Manusmriti
Manusmṛti
- Period
- c. 200 BCE–200 CE
- Author
- Manu (attributed)
- Verses
- 2,685 shlokas in 12 adhyayas
One of the most influential and debated texts in Hindu tradition — an ancient code of dharmic law addressing social structure, ethics, and ritual conduct.
Overview
The Manusmriti — the Laws of Manu — is the most influential and most contested text in the Hindu legal and ethical tradition. Attributed to Manu, the progenitor of humanity in Vedic cosmology, and composed between approximately 200 BCE and 200 CE, it is the earliest and most comprehensive of the Dharmashastra texts: works that systematically codify dharma as social law, ethical obligation, and religious duty. Its 2,685 verses, organized into twelve adhyayas (chapters), address an extraordinarily broad range of topics: cosmology and the origins of the social order, the duties of each varna (social class) and each ashrama (life stage), the laws of property, inheritance, contracts, and marriage, the duties of kings, the principles of judicial procedure, the rules of purity and impurity, and the nature of karma and rebirth.

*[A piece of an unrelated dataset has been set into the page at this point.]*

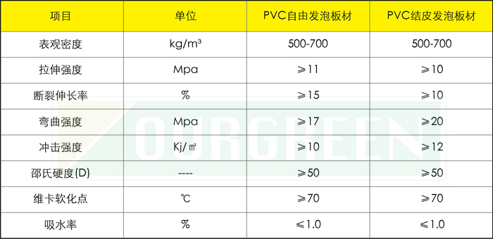 歐格PVC發(fā)泡板的表觀密度、拉伸強度、斷裂伸長率、彎曲強度、沖擊強度、邵氏硬度(D)、維卡軟化點、吸水率及燃燒性能的指標均符合標準。

The Manusmriti is not a simple text to approach honestly. It is simultaneously a document of ancient legal sophistication — containing some of the most carefully reasoned early discussions of judicial evidence, contractual obligation, and the limits of royal power in any tradition — and a text whose prescriptions regarding women, caste hierarchy, and the treatment of those outside the varna system are deeply problematic by any contemporary ethical standard. The tradition itself was never unanimous in its reception: Shankaracharya's Advaita tradition placed less emphasis on Smriti texts than on the Upanishads; the Bhakti saints often explicitly challenged caste hierarchy; B. R. Ambedkar, the architect of the Indian Constitution, publicly burned a copy of the Manusmriti in 1927 as an act of protest against untouchability and caste discrimination.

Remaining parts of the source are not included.